* Raw data:
* * *
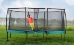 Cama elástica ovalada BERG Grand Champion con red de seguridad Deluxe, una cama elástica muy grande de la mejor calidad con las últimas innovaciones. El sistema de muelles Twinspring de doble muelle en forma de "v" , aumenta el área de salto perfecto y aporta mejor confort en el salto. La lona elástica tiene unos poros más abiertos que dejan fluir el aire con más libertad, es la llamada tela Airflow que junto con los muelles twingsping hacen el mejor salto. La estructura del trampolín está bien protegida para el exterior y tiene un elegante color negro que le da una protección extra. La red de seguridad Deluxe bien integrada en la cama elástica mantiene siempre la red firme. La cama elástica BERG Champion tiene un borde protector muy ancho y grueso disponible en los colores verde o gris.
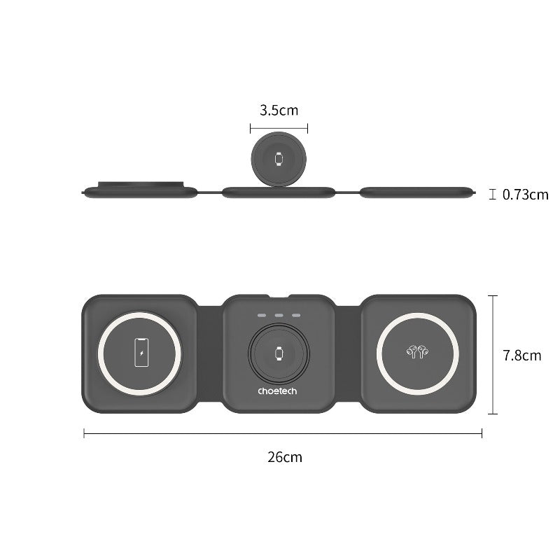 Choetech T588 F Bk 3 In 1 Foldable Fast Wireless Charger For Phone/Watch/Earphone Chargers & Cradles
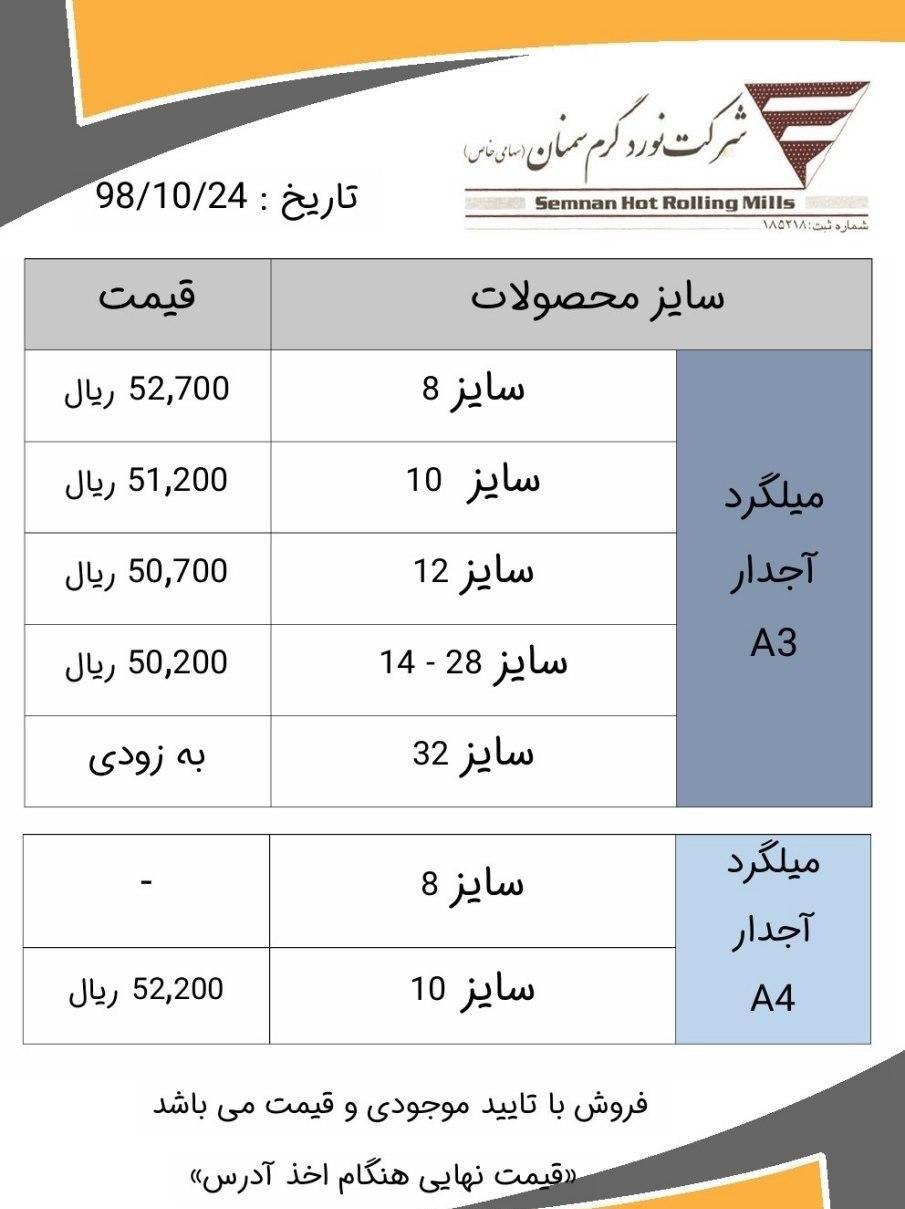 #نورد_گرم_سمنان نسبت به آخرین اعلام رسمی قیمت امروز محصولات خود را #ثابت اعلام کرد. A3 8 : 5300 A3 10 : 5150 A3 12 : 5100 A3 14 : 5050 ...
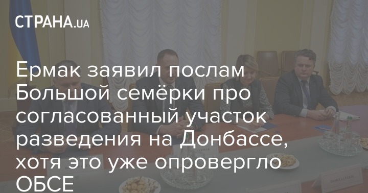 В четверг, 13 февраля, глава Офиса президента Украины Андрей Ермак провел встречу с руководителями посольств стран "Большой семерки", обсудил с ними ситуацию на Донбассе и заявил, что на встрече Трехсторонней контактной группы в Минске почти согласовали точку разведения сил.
* * *
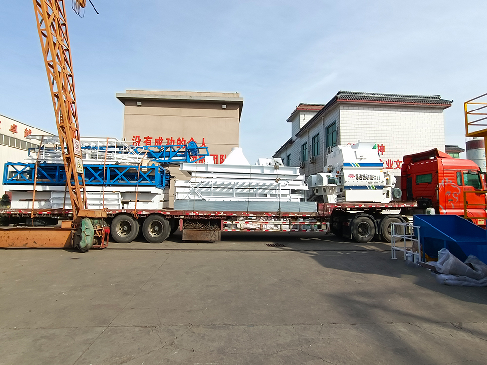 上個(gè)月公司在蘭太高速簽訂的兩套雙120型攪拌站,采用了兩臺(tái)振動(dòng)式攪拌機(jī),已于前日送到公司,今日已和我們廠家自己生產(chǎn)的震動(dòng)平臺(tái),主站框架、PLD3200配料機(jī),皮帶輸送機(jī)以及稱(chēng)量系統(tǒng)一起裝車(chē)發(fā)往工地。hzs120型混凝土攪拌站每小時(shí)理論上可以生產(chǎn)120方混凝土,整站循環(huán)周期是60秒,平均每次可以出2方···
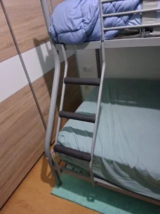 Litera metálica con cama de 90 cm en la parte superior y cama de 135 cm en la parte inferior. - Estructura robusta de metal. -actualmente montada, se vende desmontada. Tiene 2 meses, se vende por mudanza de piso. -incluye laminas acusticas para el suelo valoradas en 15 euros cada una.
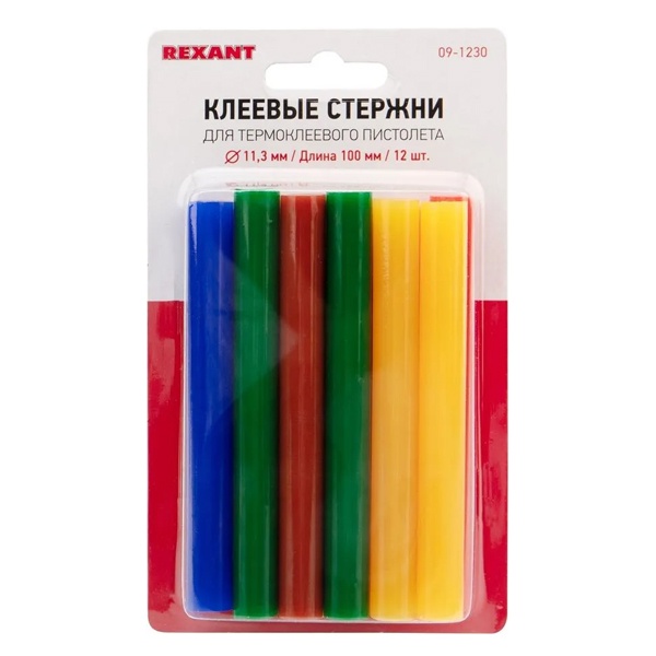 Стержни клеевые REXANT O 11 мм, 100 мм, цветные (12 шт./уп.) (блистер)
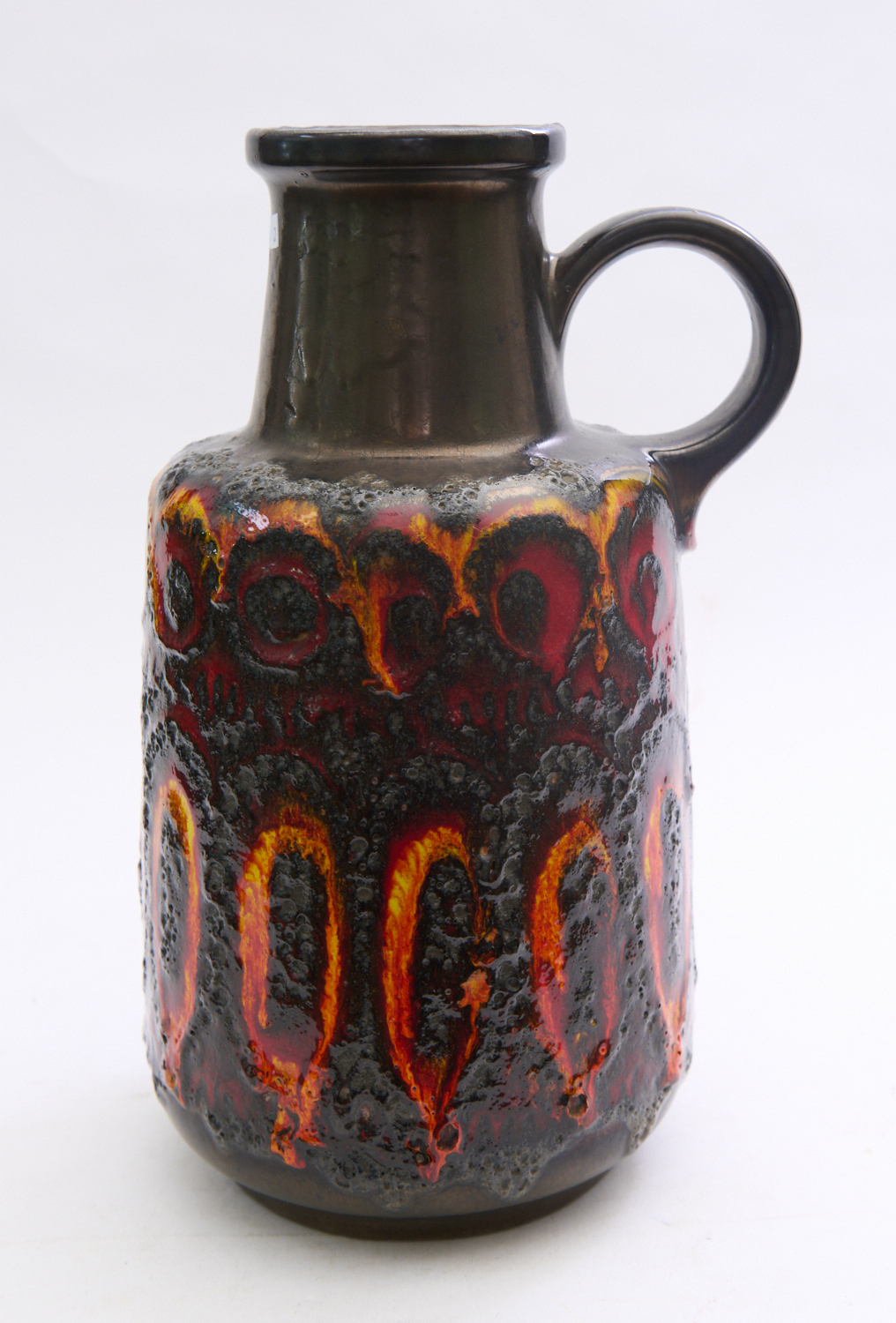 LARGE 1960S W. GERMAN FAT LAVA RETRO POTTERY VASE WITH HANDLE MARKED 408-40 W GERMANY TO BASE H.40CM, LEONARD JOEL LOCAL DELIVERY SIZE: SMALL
* * *
* Problem details: Treat the line with "Cama elástica ovalada" as the start and the line with "В четверг, 13" as the end, and return exactly that span of the data above, both ends included, without pictures.

* Task response:
 Cama elástica ovalada BERG Grand Champion con red de seguridad Deluxe, una cama elástica muy grande de la mejor calidad con las últimas innovaciones. El sistema de muelles Twinspring de doble muelle en forma de "v" , aumenta el área de salto perfecto y aporta mejor confort en el salto. La lona elástica tiene unos poros más abiertos que dejan fluir el aire con más libertad, es la llamada tela Airflow que junto con los muelles twingsping hacen el mejor salto. La estructura del trampolín está bien protegida para el exterior y tiene un elegante color negro que le da una protección extra. La red de seguridad Deluxe bien integrada en la cama elástica mantiene siempre la red firme. La cama elástica BERG Champion tiene un borde protector muy ancho y grueso disponible en los colores verde o gris.
 Choetech T588 F Bk 3 In 1 Foldable Fast Wireless Charger For Phone/Watch/Earphone Chargers & Cradles
 #نورد_گرم_سمنان نسبت به آخرین اعلام رسمی قیمت امروز محصولات خود را #ثابت اعلام کرد. A3 8 : 5300 A3 10 : 5150 A3 12 : 5100 A3 14 : 5050 ...
 В четверг, 13 февраля, глава Офиса президента Украины Андрей Ермак провел встречу с руководителями посольств стран "Большой семерки", обсудил с ними ситуацию на Донбассе и заявил, что на встрече Трехсторонней контактной группы в Минске почти согласовали точку разведения сил.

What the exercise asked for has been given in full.